Pots with 20 cm width and 30 cm height were filled with 2.50-kg grounded soil. After incorporating all organic materials such as biochar, poultry litter, sugarcane bagasse, and wheat crop residues (on 01% TOC equivalent basis) into the soil, pots were incubated at room temperature (25~30 °C) with plastic bags for 15 days. The recommended dose of fertilizer (25 kg N, 35 kg P2O5, and 0 kg K2O ha−1) in the form of urea and single superphosphate was applied before sowing of seeds. Four seeds of mung bean (Vigna radiata L.), variety Chakwal Mung-2006, were sown in each pot and placed in a greenhouse under controlled conditions. After a week of germination, four plants were thinned to two uniform seedlings per pot. Irrigation requirements were fulfilled by tap water fit for irrigation. Treatments were replicated three times using a completely randomized design (CRD). The crop was harvested at maturity and soil samples were taken and analyzed for carbon fractions, moisture content, polysaccharide content, and aggregate size distribution.

Biochar production

Biochar was prepared from paper mulberry (Broussonetia papyrifera) leaves in the laboratory. For this, dry leaves after oven drying were ground with plant grinder and kept in a muffle furnace at 350 °C for 3 h.
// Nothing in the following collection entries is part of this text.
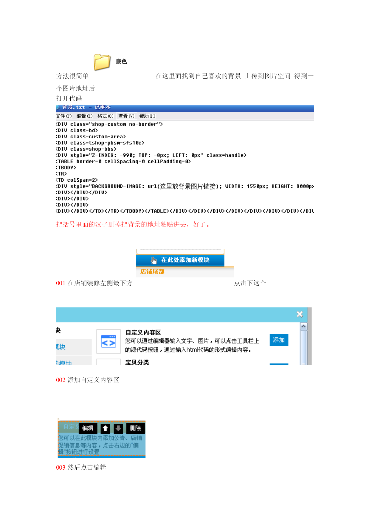 方法很简单在这里面找到自己喜欢的背景上传到图片空间得到一个图片地址后打开代码把括号里面的汉子删掉把背景的地址粘贴进去,好了。001在店铺装修左侧最下方点击下这个002添加自定义内容区003然后点击编辑004点击下编辑源码按钮005代码粘贴进去006然后在点击下这个按钮保存发布即可更多信息HYPERLINK"http://shop104402578.taobao.com/"http://shop104402578.taobao.com/
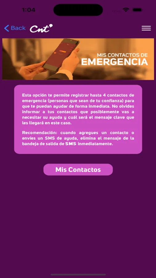 Su funcionalidad principal es el envío de SMS a Contactos de Emergencia previamente registrados en la opción contactos de emergencia con la finalidad de que los usuarios cuando requieran ayuda de sus contactos envíen el SMS con su ubicación para que éste pueda brindarle apoyo.
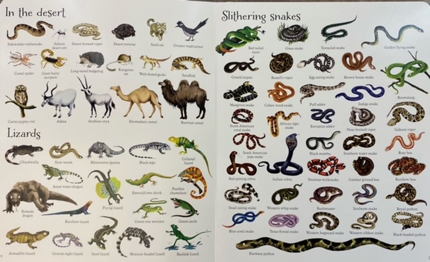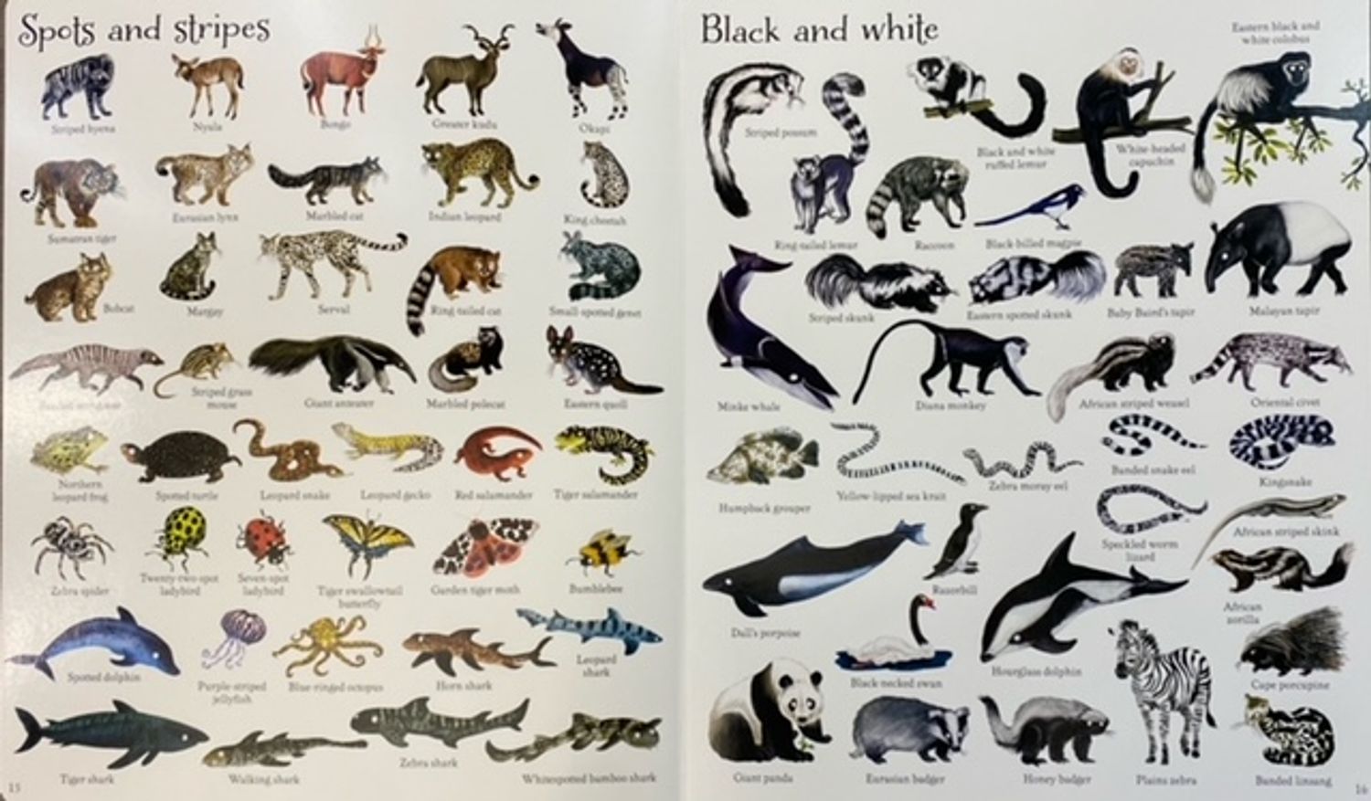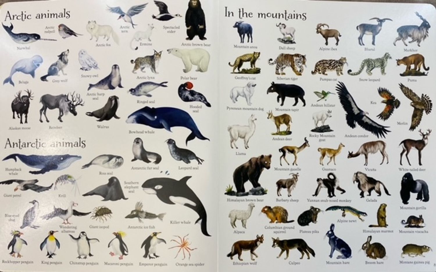 Usborne хэвлэлийн газраас эрхлэн гаргасан Usborne “1000 animals” номонд нийт 1000 амьтдын нэрсийг зургийн хамт оруулсан байдаг. Эдгээр амьтдыг:

Organic material properties

The biochar had 1.5% N and 9.5 pH while the poultry litter contained 1.71% N and 7.8 pH. The sugarcane bagasse and wheat crop residues contained 0.72% N and 0.52% N, respectively.

Organic carbon fraction measurements

Total organic carbon was measured by titrating the samples with 0.5 N ferrous ammonium sulfate solution until the color changed from blue to dark green (Walkley and Black 1934). Particulate organic carbon was measured by dispersing particles with sodium hexametaphosphate. Then, the material passed through 50-μm sieve and then rinsed with water to remove silt and clay. The POC and sand retained on a sieve and then was dried at 100 °C, ground and passed through 18-μm screen (Cambardella and Elliott 1992) and analyzed for carbon (Nelson and Sommers 2005). Microbial biomass carbon of soil was determined through the fumigation-extraction method. The CO2 evolved during incubation of soil in the closed jar was measured by trapping CO2 in 25 mL of NaOH solution and then titrated against standard HCl solution using phenolphthalein as an indicator (Nannipieri et al. 1978) (Table 2).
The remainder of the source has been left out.